(Given material):
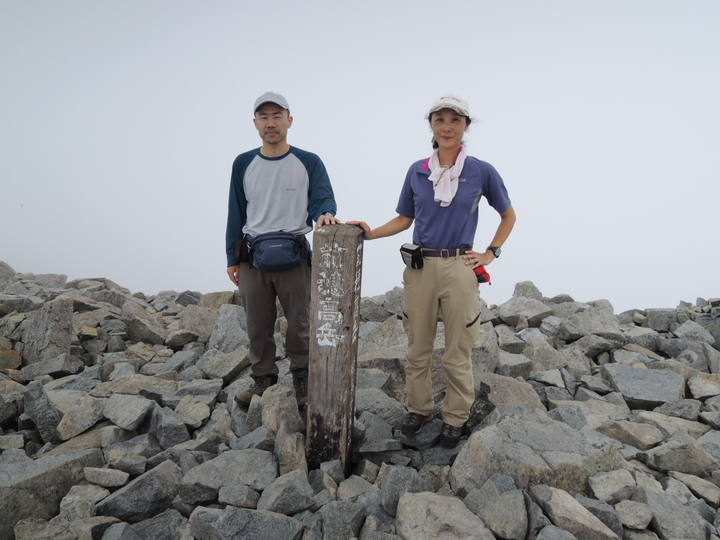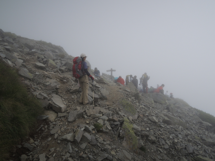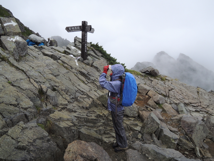 12:05 8座目の3,000m峰、前穂高岳に到着。周りは真っ白だったが、静かな喜びを感じた。
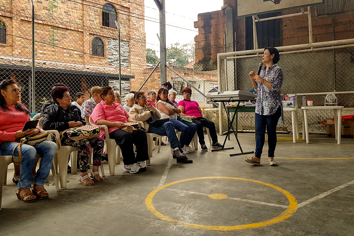 Unbound Latin America Regional Project Director Mónica Gómez talks with families in Colombia. The local staff has also been giving skills development training to families to help them qualify for and find formal jobs that offer better benefits.
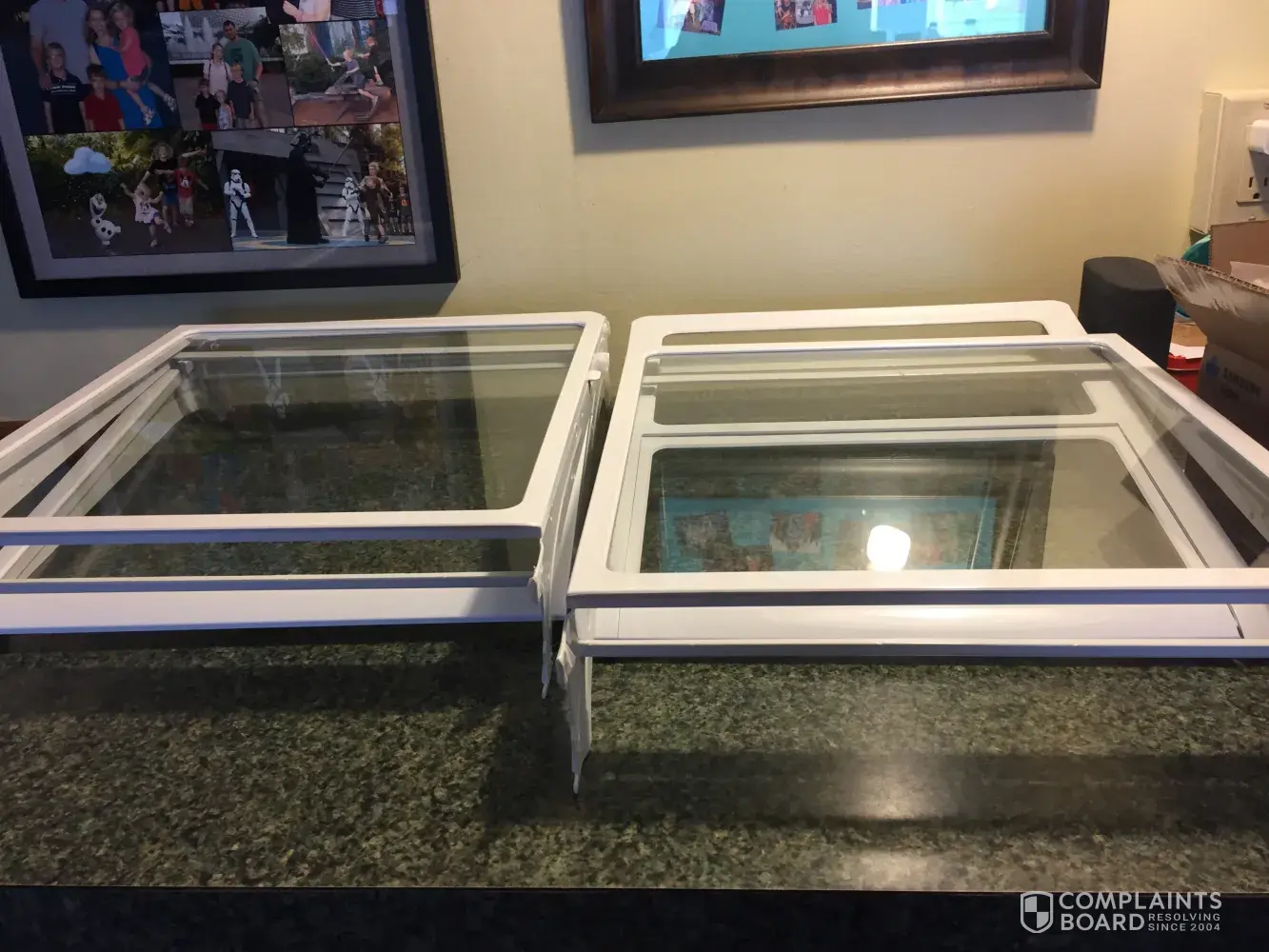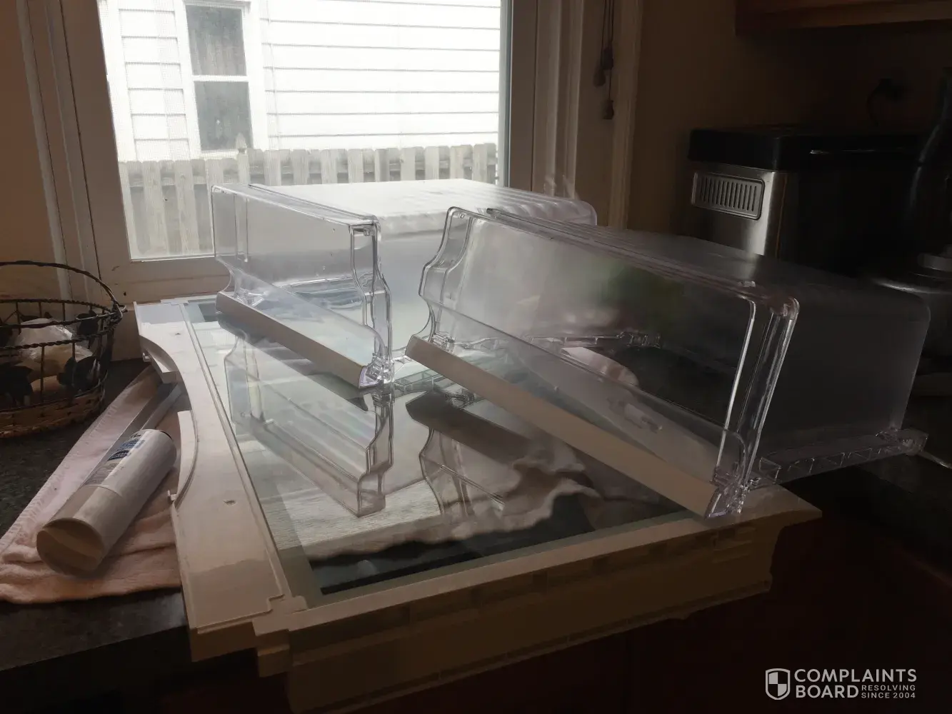 The technician left, with all of the refrigerator shelving and other parts on the kitchen counter

(What is needed): Hand back exactly the lines from the one with "Unbound Latin America" through the last line of the data above, both ends included, with every picture left out.

(Reply to the exercise):
 Unbound Latin America Regional Project Director Mónica Gómez talks with families in Colombia. The local staff has also been giving skills development training to families to help them qualify for and find formal jobs that offer better benefits.
 The technician left, with all of the refrigerator shelving and other parts on the kitchen counter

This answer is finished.